RECORDS SHOWN:
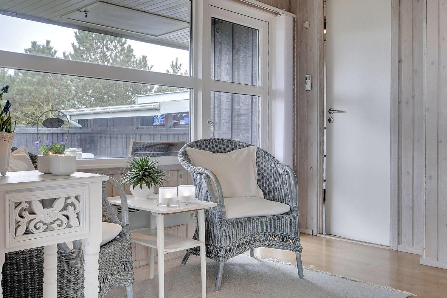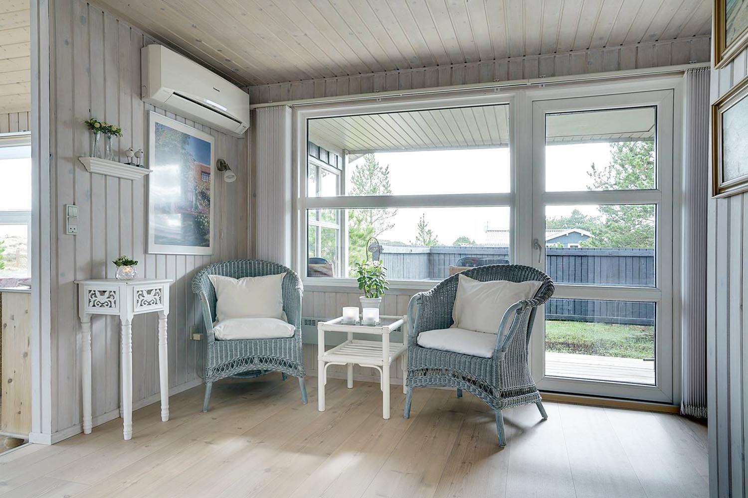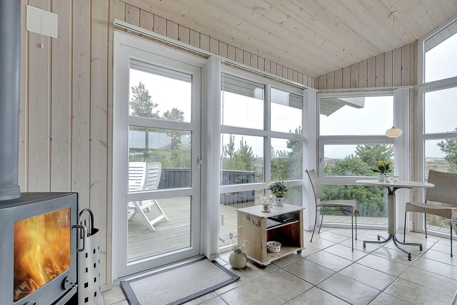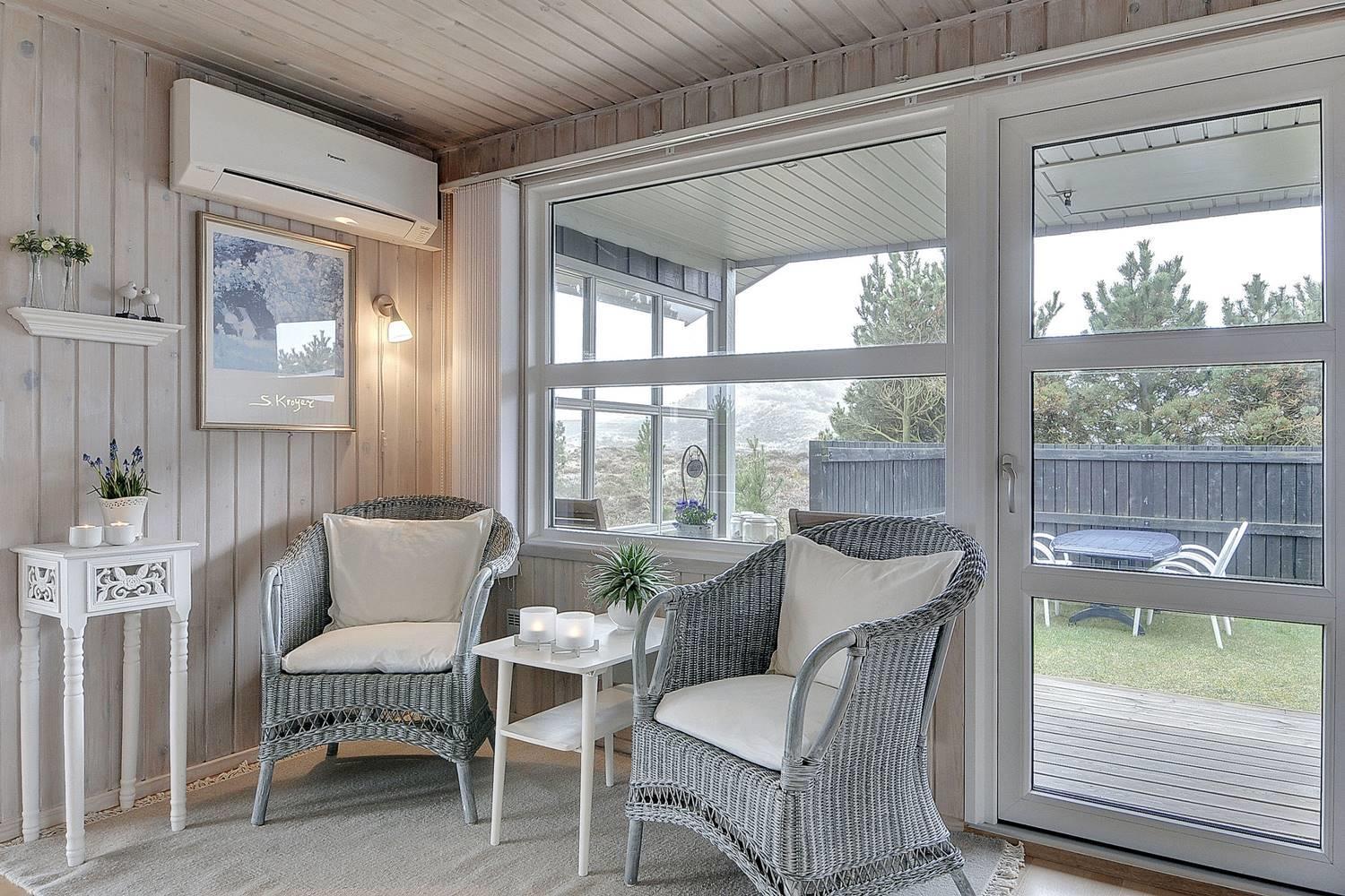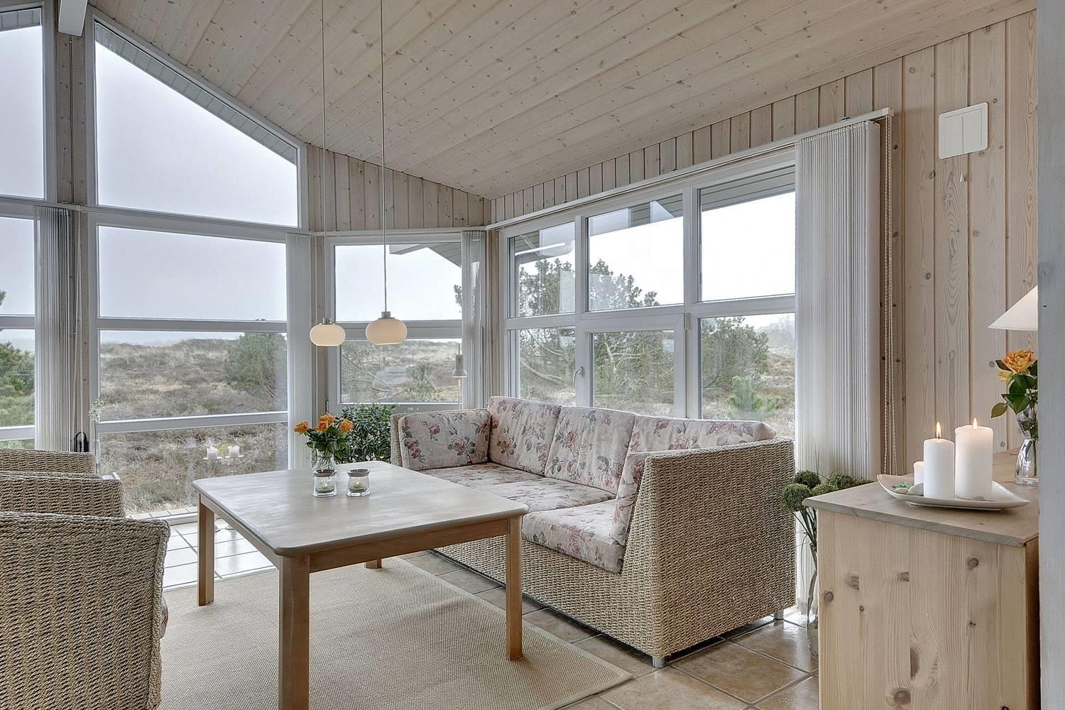 Feriehus på klitgrund med ugenert terrasse og udsigt til fredet hedeområde nær Henne Strand.
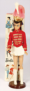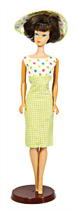 Bubble-Cut, brunette, Straight-Leg, in Outfit Career-Girl, Nr. 954, nicht kompl., Open-Toe Pumps gerissen
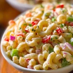 La ensalada es fresca, fácil y buena para la casa. Esta receta usa macarrones, pepinillos y una salsa cremosa. Si quieres ver otra versión clásica similar, revisa esta ensalada de macarrones clásica para ideas y comparación.
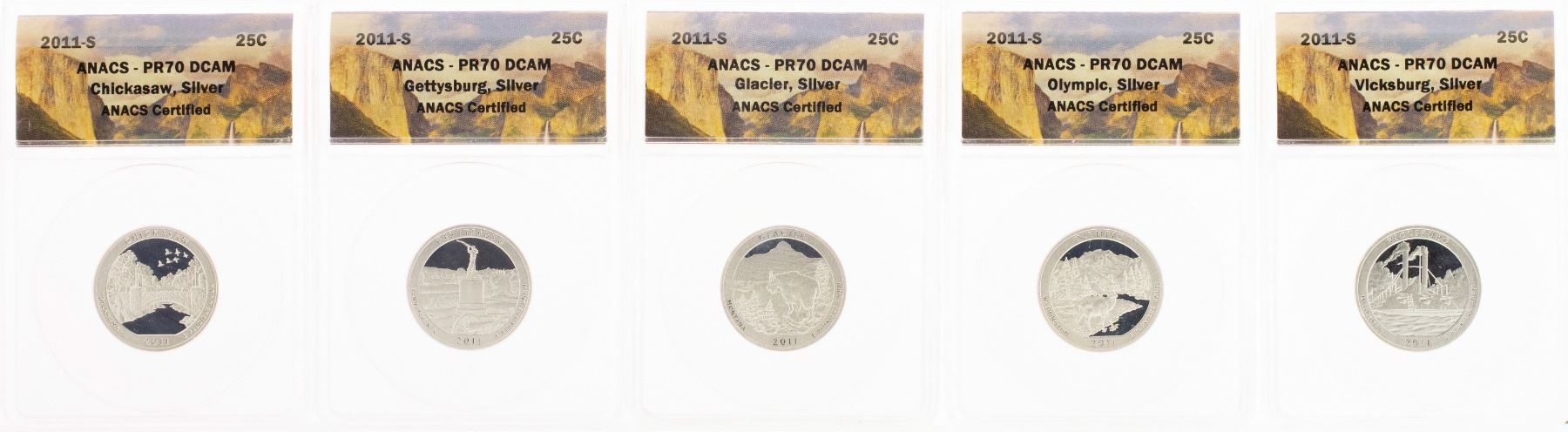 Lot of (5) 2011-S Proof Silver America Beautiful Quarter Coins ANACS PR70 DCAM
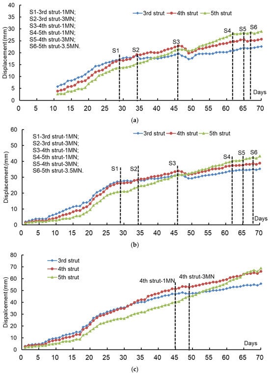 The displacement evolution tendency after imposing servo forces is the focus of this analysis. When the individual hydraulic jack at the third strut is loaded from an initial 1 MN (Meganewton) on Day 29 to a final 3 MN by Day 34, the wall displacement of IC5 (in Figure 9a) only changes from 17.3 mm to 18.7 mm in these 5 days, with an increment of 1.4 mm, whereas the wall displacement increment within the 5 days (before Day 29) is of about 2.2 mm. Furthermore, observing the displacement curves of the fourth and the fifth struts at IC5, the displacement increments are of 2.4 mm and 1.8 mm, respectively, after imposing the servo forces at the third strut, corresponding to the displacement increments of 4.0 mm and 2.8 mm at the same time-interval before. At IC6 in Figure 9b, the wall displacement shows a similar characteristic, as the servo forces tend to flatten the displacement curve and mitigate its gradient afterward.
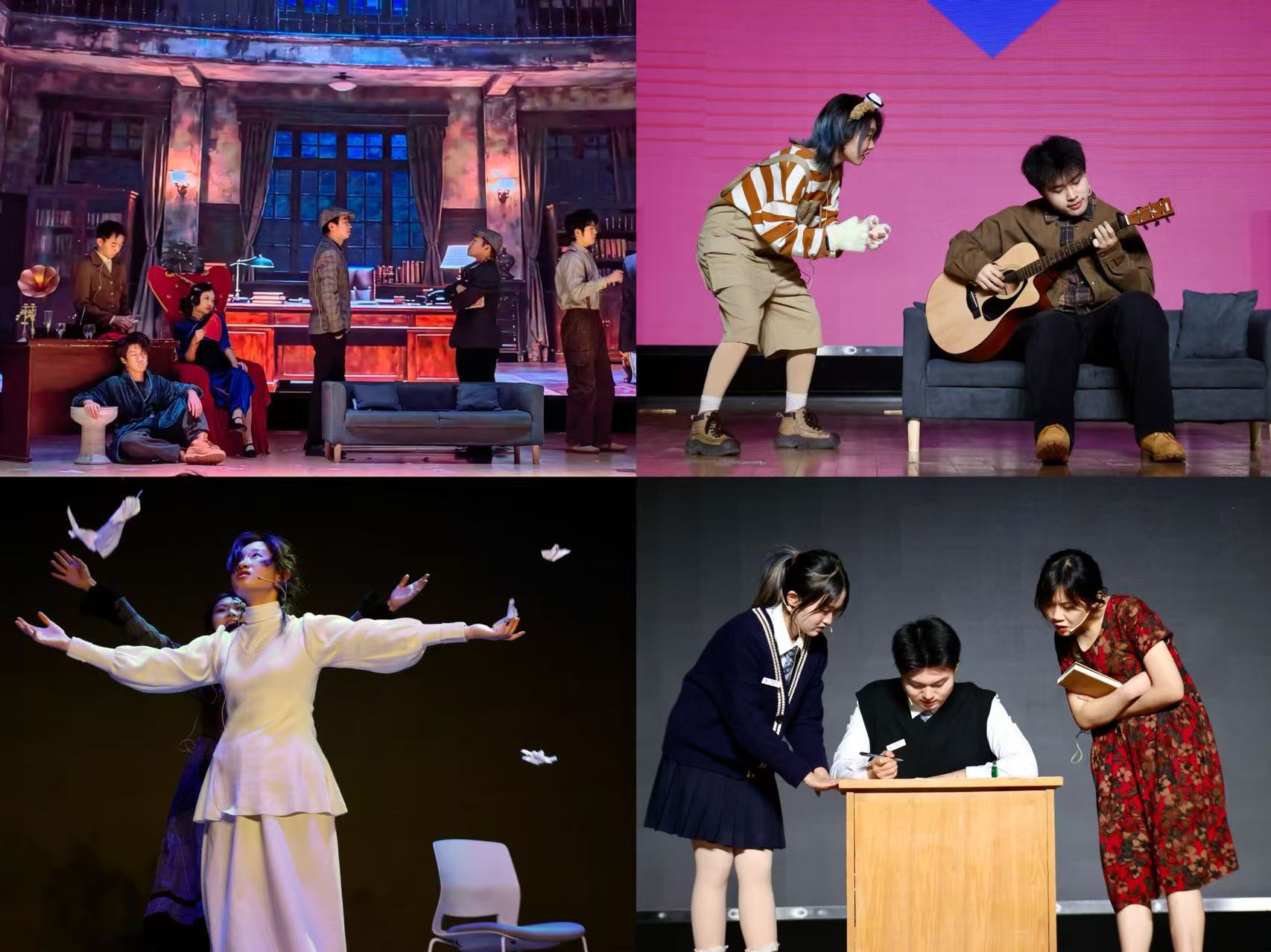 的50余名学生共同创作与演出。作品涵盖情感、成长与自我管理等多重维度,以舞台为镜,生动映照出大学生活的现实状况与内心图景,既捕捉日常中的欢笑与困扰,也传递出在自省与表达中寻找成长、凝聚共情的涵义。

EXERCISE DETAILS:
Go through the listing above and write it all out exactly, leaving out any picture.

RESULT FOR THIS TASK:
 Feriehus på klitgrund med ugenert terrasse og udsigt til fredet hedeområde nær Henne Strand.
 Bubble-Cut, brunette, Straight-Leg, in Outfit Career-Girl, Nr. 954, nicht kompl., Open-Toe Pumps gerissen
 La ensalada es fresca, fácil y buena para la casa. Esta receta usa macarrones, pepinillos y una salsa cremosa. Si quieres ver otra versión clásica similar, revisa esta ensalada de macarrones clásica para ideas y comparación.
 Lot of (5) 2011-S Proof Silver America Beautiful Quarter Coins ANACS PR70 DCAM
 The displacement evolution tendency after imposing servo forces is the focus of this analysis. When the individual hydraulic jack at the third strut is loaded from an initial 1 MN (Meganewton) on Day 29 to a final 3 MN by Day 34, the wall displacement of IC5 (in Figure 9a) only changes from 17.3 mm to 18.7 mm in these 5 days, with an increment of 1.4 mm, whereas the wall displacement increment within the 5 days (before Day 29) is of about 2.2 mm. Furthermore, observing the displacement curves of the fourth and the fifth struts at IC5, the displacement increments are of 2.4 mm and 1.8 mm, respectively, after imposing the servo forces at the third strut, corresponding to the displacement increments of 4.0 mm and 2.8 mm at the same time-interval before. At IC6 in Figure 9b, the wall displacement shows a similar characteristic, as the servo forces tend to flatten the displacement curve and mitigate its gradient afterward.
 的50余名学生共同创作与演出。作品涵盖情感、成长与自我管理等多重维度,以舞台为镜,生动映照出大学生活的现实状况与内心图景,既捕捉日常中的欢笑与困扰,也传递出在自省与表达中寻找成长、凝聚共情的涵义。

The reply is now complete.